§ **GIVEN INFORMATION**:

_ _ _ _ _ _ _

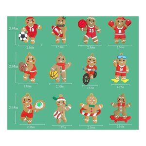 Set Of 12 Gingerbread Man Mini Ornaments Sports Theme Plastic Mini Tree Holiday
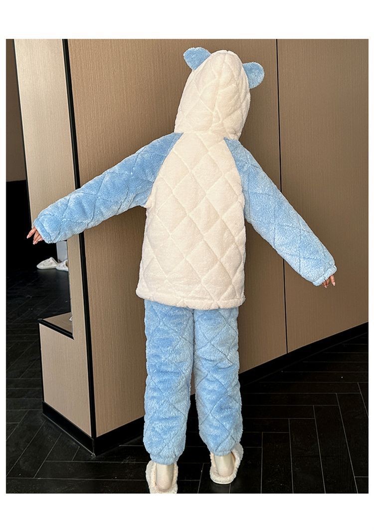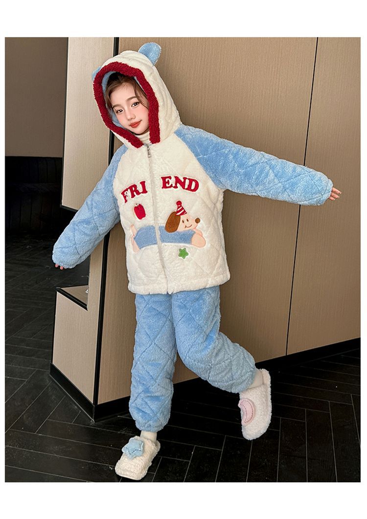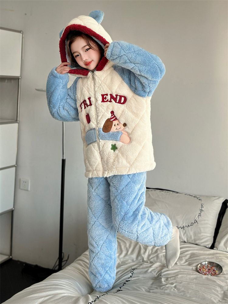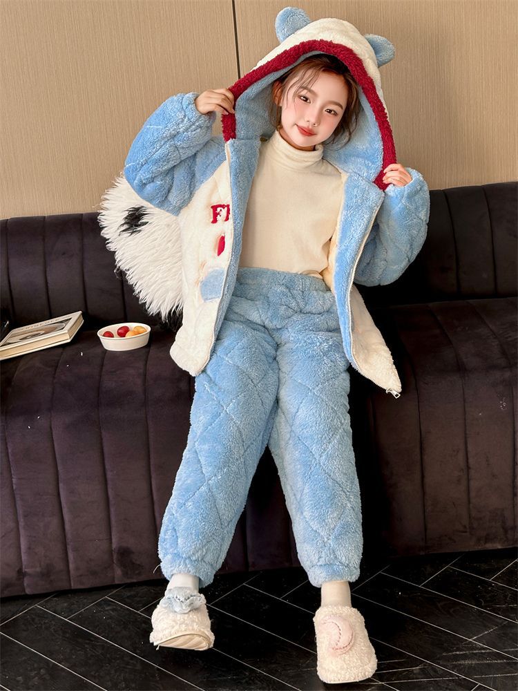 걸스 3 층 퀼트 파자마 세트 어린이 겨울 기모 두꺼운 따뜻한 외모가 후드 홈 옷을 입고
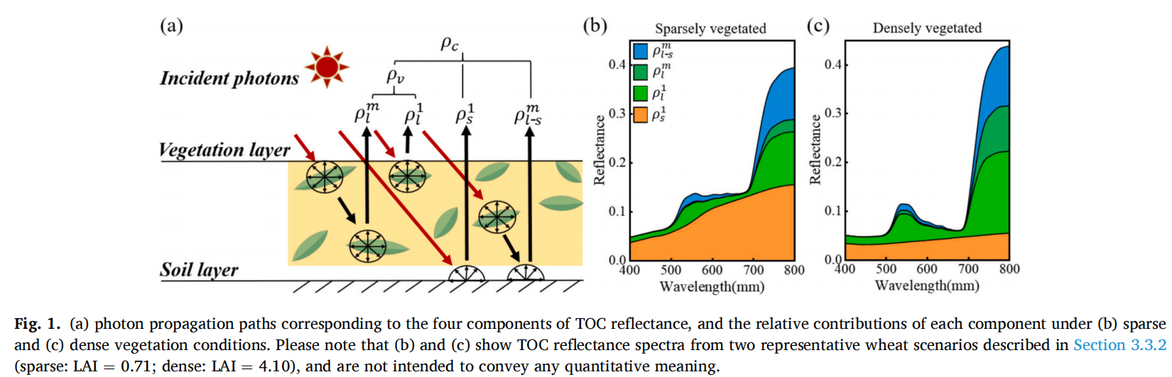 叶绿素含量是表征植被光合性能与生理状态的核心指标,但从冠顶反射率(TOC)准确提取叶片叶绿素含量受土壤背景和树冠结构干扰,导致传统叶绿素光谱指数在不同物种、环境条件下稳定性不足。针对这一关键瓶颈,研究团队基于植被和土壤光谱特征与冠层辐射传输机理,通过严谨的理论推导和广泛的实证验证,创新提出干扰抑制叶绿素指数 IMCI (Interference Mitigation Chlorophyll Index)。

_ _ _ _ _ _ _

§ **TRY IT**:
Return the material in full and unaltered, minus its pictures.

§ **PROBLEM SOLUTION**:
 Set Of 12 Gingerbread Man Mini Ornaments Sports Theme Plastic Mini Tree Holiday
 걸스 3 층 퀼트 파자마 세트 어린이 겨울 기모 두꺼운 따뜻한 외모가 후드 홈 옷을 입고
 叶绿素含量是表征植被光合性能与生理状态的核心指标,但从冠顶反射率(TOC)准确提取叶片叶绿素含量受土壤背景和树冠结构干扰,导致传统叶绿素光谱指数在不同物种、环境条件下稳定性不足。针对这一关键瓶颈,研究团队基于植被和土壤光谱特征与冠层辐射传输机理,通过严谨的理论推导和广泛的实证验证,创新提出干扰抑制叶绿素指数 IMCI (Interference Mitigation Chlorophyll Index)。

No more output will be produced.